English professor arrested for stealing political signs in Asheville

by WorldTribune Staff, October 10, 2018

A UNC-Asheville English professor has been  charged with stealing political signs, including some reading “Drain the Swamp” and “Vote Republican,” a report said.

Dr. Amanda Wray, an associate professor in the university’s English Department, turned herself in on Oct. 7 at the Buncombe County Detention Facility, according to a report by The Asheville Tribune.

Dr. Amanda Wray

Wray was arrested on a misdemeanor charge of stealing political signs and has a court date of Dec. 4.

According to the report, Wray was one of two women who Leicester resident Mike Summey said were stealing the signs from numerous locations in Buncombe County. The signs included the phrases “Drain the Swamp”, “Democrat corruption”, “Angry Taxpayers” and “Vote Republican.”

In an Oct. 6 Facebook post, Summey wrote: “Last night, just before 10 pm, I caught two women in the act of stealing our signs. I watched them remove the signs then rushed in to confront them. Both were carrying a sign when I ask them what they were doing. They said they were taking the signs. I told them what they were doing was theft and I intended to report them. At this point they ran across the street to their car and quickly put the signs in the back of it. I grabbed my cell phone and quickly followed them where I made this picture of the license plate on the car as they tried to speed away.”

After filing a report with the local sheriff’s department, Summey said an officer ran the tag from the photo he took and it came back to Wray. Summey said he looked Wray up on Facebook and immediately recognized her as one of the women who took the signs.
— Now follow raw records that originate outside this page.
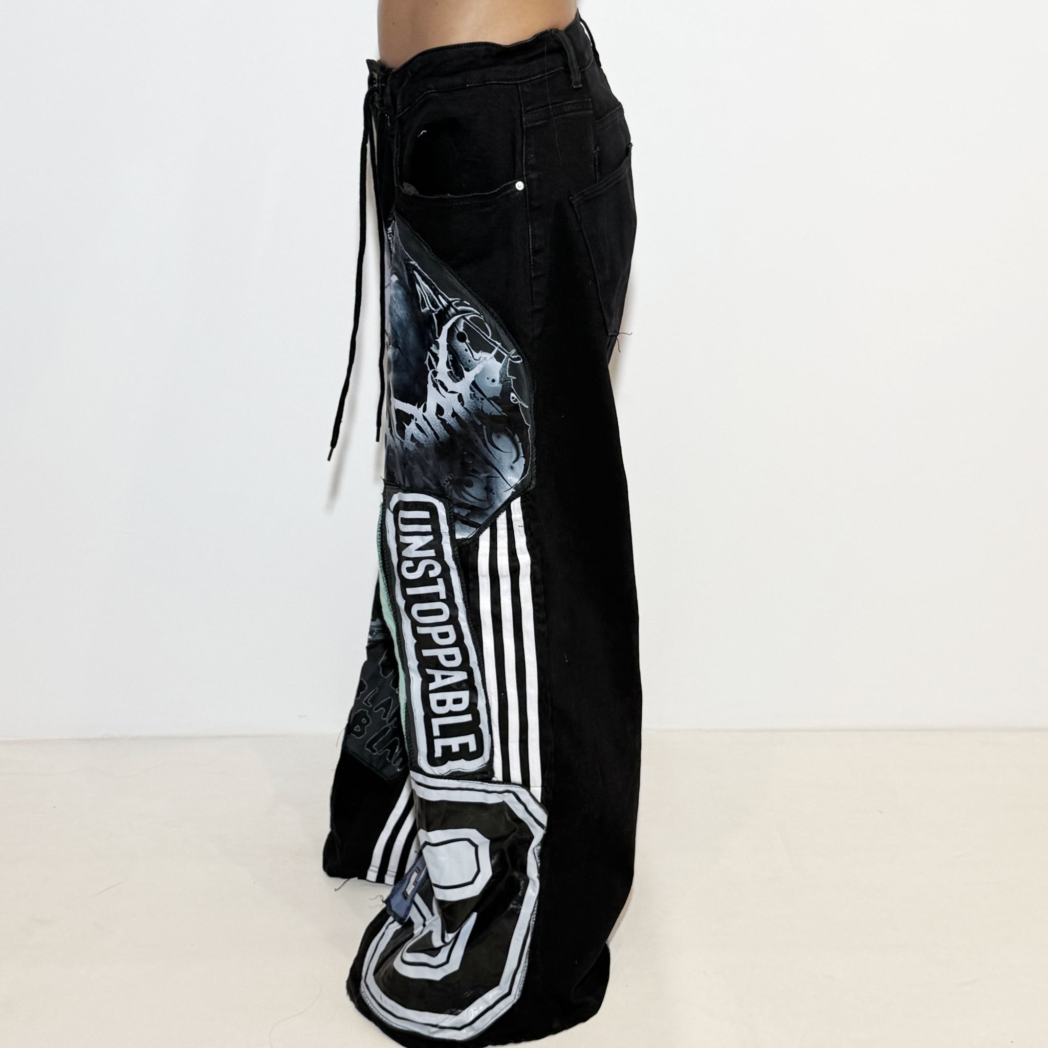 Reworked pants with patch. Adjustable with an elastic waistband.
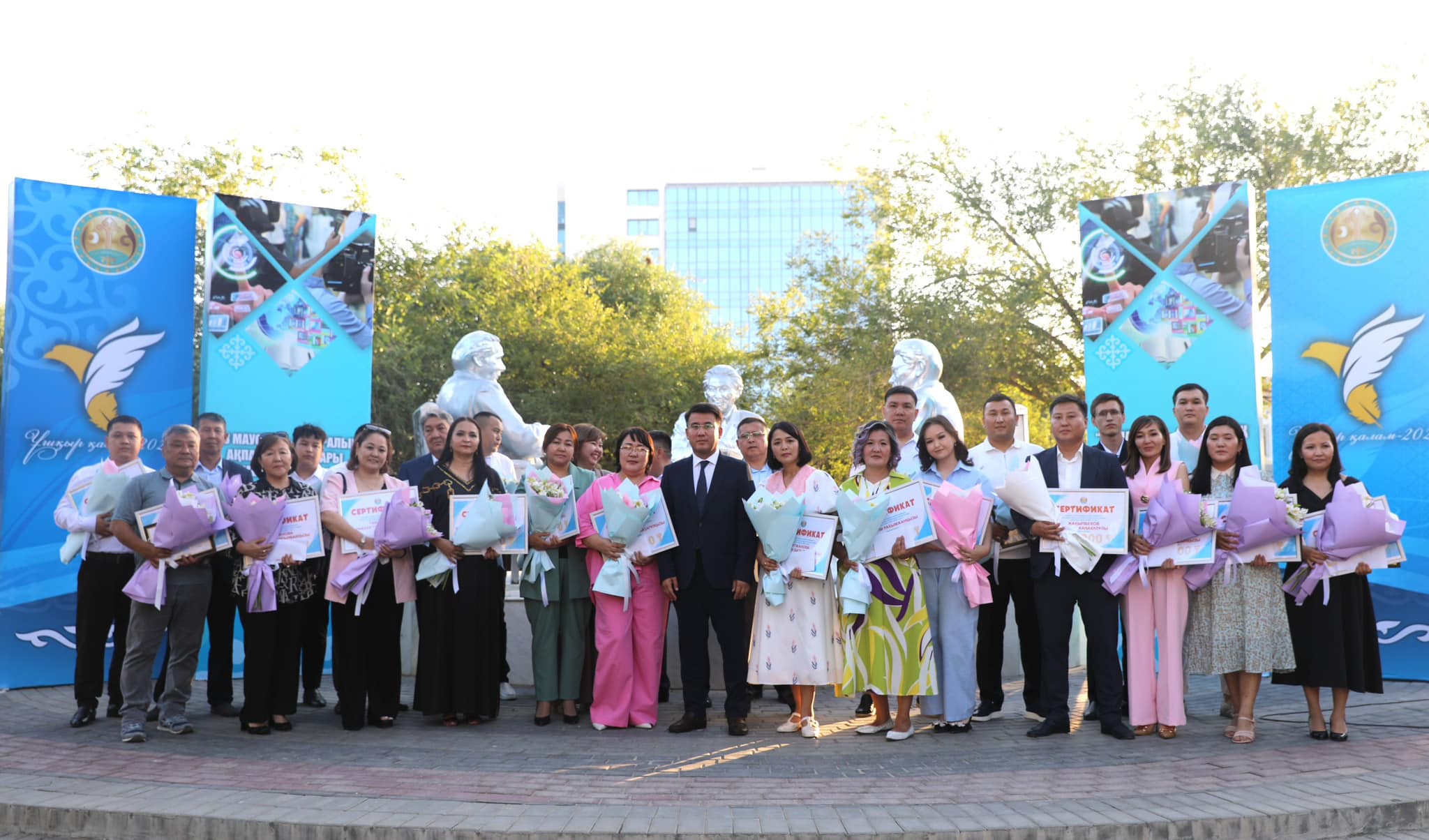 «Қаламгерлер» аллеясында бұқаралық ақпарат құралдары қызметкерлерінің мерейлі мерекесіне арналған салтанатты шара өтті. Оған қала әкімінің орынбасары Бақытжан Омаров, БАҚ саласы мен зиялы қауым өкілдері, жауапты сала мамандары қатысты.
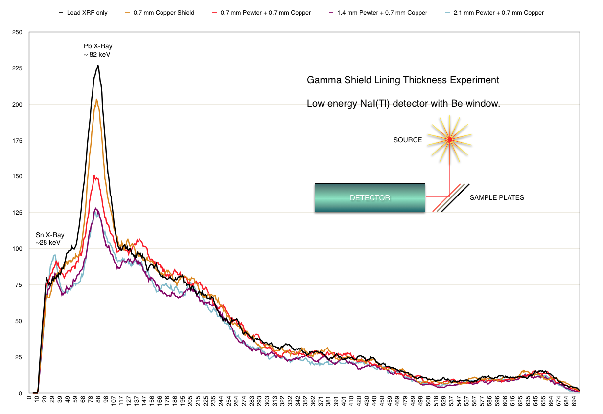 I often get asked about copper lining of lead shields and how thick to make the lining, so with a bit of time on my hands today I ran a couple of experiments to determine the effect of copper and tin on the unwanted Pb x-rays that show up in our spectra.
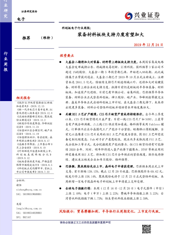 【兴业证券】【20191224】科创板电子行业周报:装备材料板块支持力度有望加大-14页 行业研究
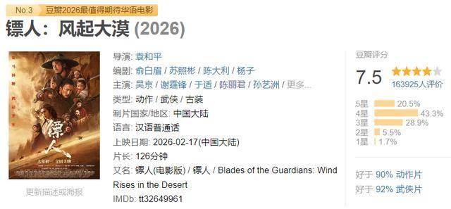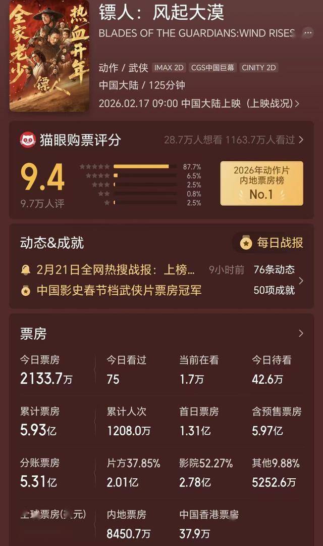 《镖人》海外口碑爆了,评分接近满分,全球总票房有望破纪录。

Wray states on her UNC-Asheville webpage: “I am interested in language practices, looking in particular at the ways in which words have social power (to construct and deconstruct). What you say has great potential to contribute to or to interrupt social norms, and students in my classes can expect conversation about everyday strategies for using language to address social oppressions. I consider writing an important tool for critical thinking and creativity, but also I see the ability to write effectively and appropriately for different situations to be a most valuable and marketable skill within and beyond the university. My research interests involve oral history, feminism, public scholarship, rhetorical practices of consciousness, visual rhetoric, professional writing, research methods, and creative nonfiction.”